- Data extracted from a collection

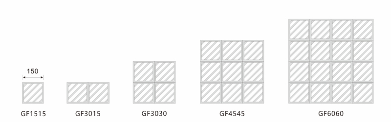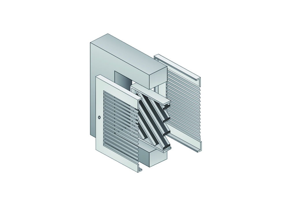 防火百葉尺寸:150mm*150mm 為最小單元,可橫向或 豎向組合,厚度為40mm
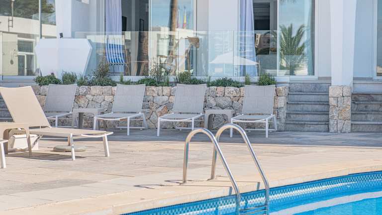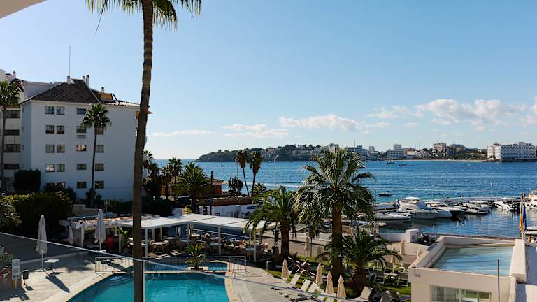 Das Hotel liegt an der Südwestküste Mallorcas, in der Ortschaft Palmanova, innerhalb der Gemeinde Calvià. Direkt am Meer und in erster Linie zum ruhigen Yachthafen gelegen, bietet es direkten Zugang zum Strand Es Carregador, der für seinen goldenen Sand, sein kristallklares Wasser und seine familiäre Atmosphäre bekannt ist. Dank seiner privilegierten Lage können Sie in unserem Hotel die Ruhe von Palmanova genießen, ohne auf die Nähe zu Orten wie Bendinat oder Portals verzichten zu müssen, die nur wenige Autominuten entfernt sind. Es ist der ideale Ausgangspunkt, um den Westen der Insel zu entdecken, mit allen Dienstleistungen und Geschäften nur wenige Schritte entfernt. Nach einer vollständigen Renovierung in den Jahren 2025-26 bietet die Anlage nun elegante Suiten mit 1 oder 2 Schlafzimmern, die komplett mit Küche, Wohnzimmer, Badezimmer und möblierter Terrasse mit Meerblick ausgestattet sind. Unser Komplex ist aufgrund seiner kinderfreundlichen Einrichtungen und der Komfort und Geräumigkeit unserer Apartments perfekt für Familien geeignet. Unsere Räumlichkeiten sind so konzipiert, dass sie Unabhängigkeit, Komfort und Stil vereinen und sich perfekt für Sportler, Gruppen oder Paare eignen, die ein erstklassiges Erlebnis suchen, ohne auf einen Aufenthalt von höchster Qualität zu verzichten.
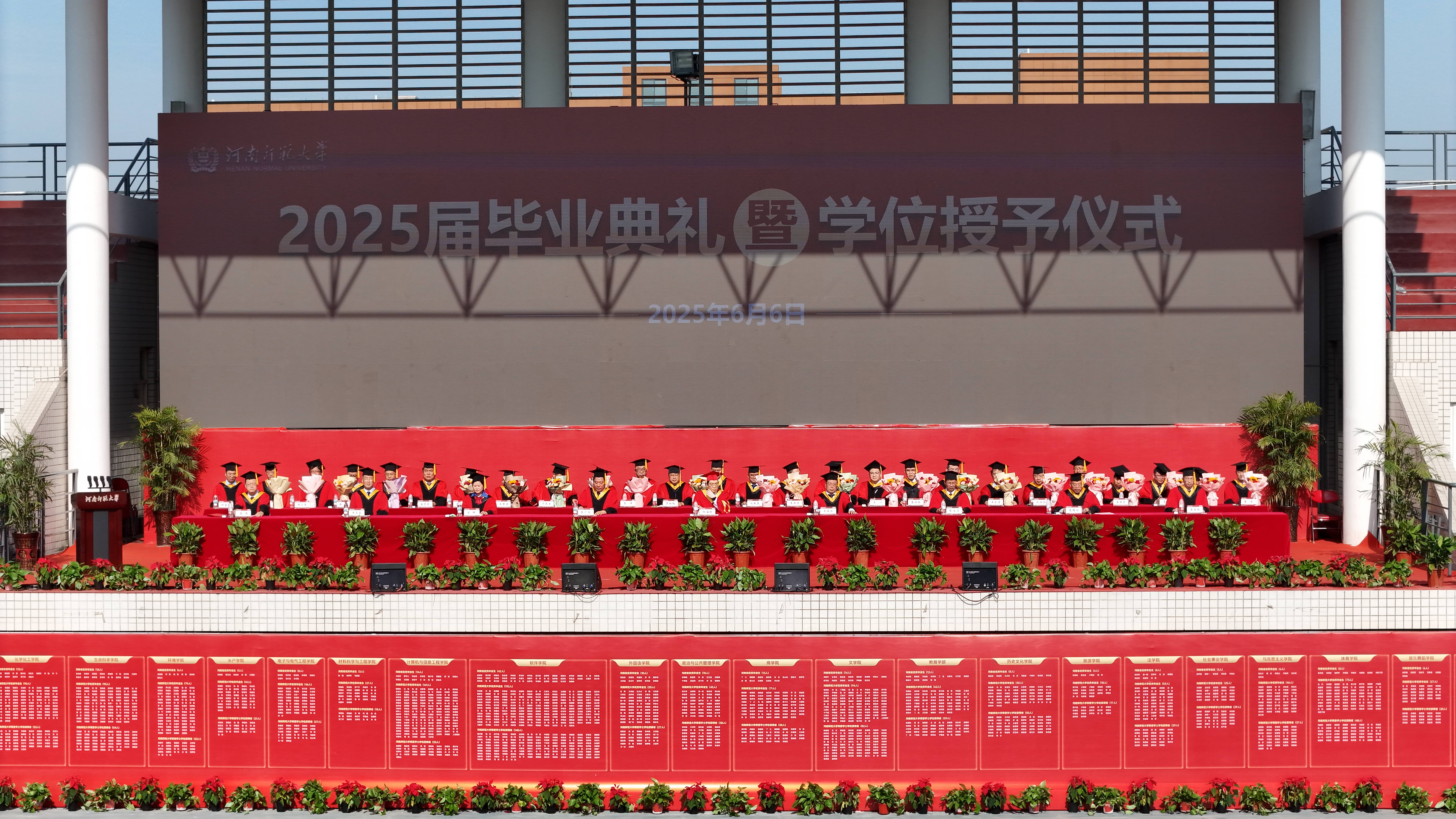 伴随着雄壮的国歌声,毕业典礼暨学位授予仪式正式拉开序幕。校党委常委、副校长苗雨教授宣读学位评定委员会学位授予决定,副校长宋晔教授宣读学位评定委员会荣誉学士学位授予决定。校党委副书记张尚字宣读《河南师范大学关于表彰2025届优秀毕业生的决定》和《河南师范大学关于推荐河南省2025年优秀应届毕业生的决定》。
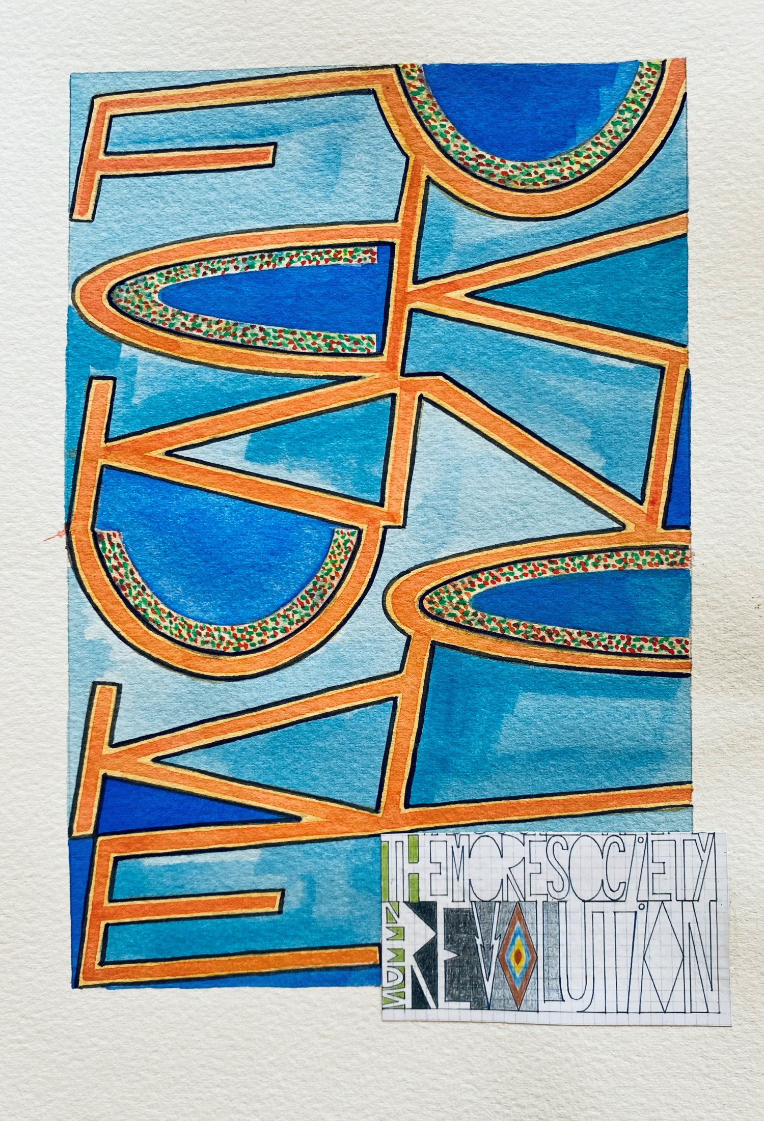 ink, coloured pencil, watercolour, inkjet print, acrylic paint
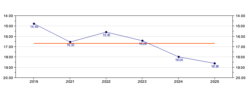 | Forrige tid | 18.38 (2025) |
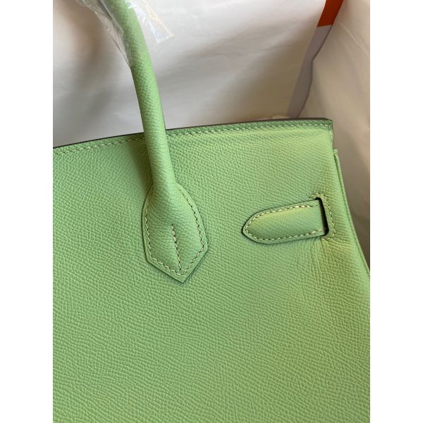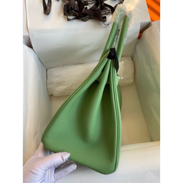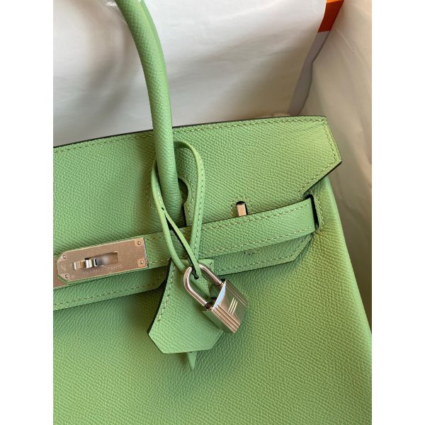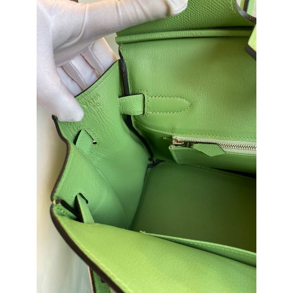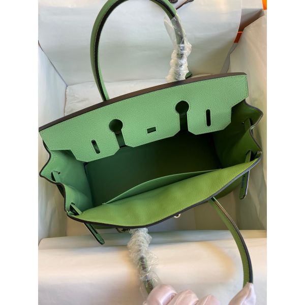 Hermes Birkin 30 Retourne Handmade Bag In Vert Criquet Epsom Calfskin

- What needs to be done
Could you reproduce exactly the lines from the one containing "ink, coloured pencil, watercolour, inkjet" through the last line of the records, both included, leaving out the pictures?

- Exercise solution
 ink, coloured pencil, watercolour, inkjet print, acrylic paint
 | Forrige tid | 18.38 (2025) |
 Hermes Birkin 30 Retourne Handmade Bag In Vert Criquet Epsom Calfskin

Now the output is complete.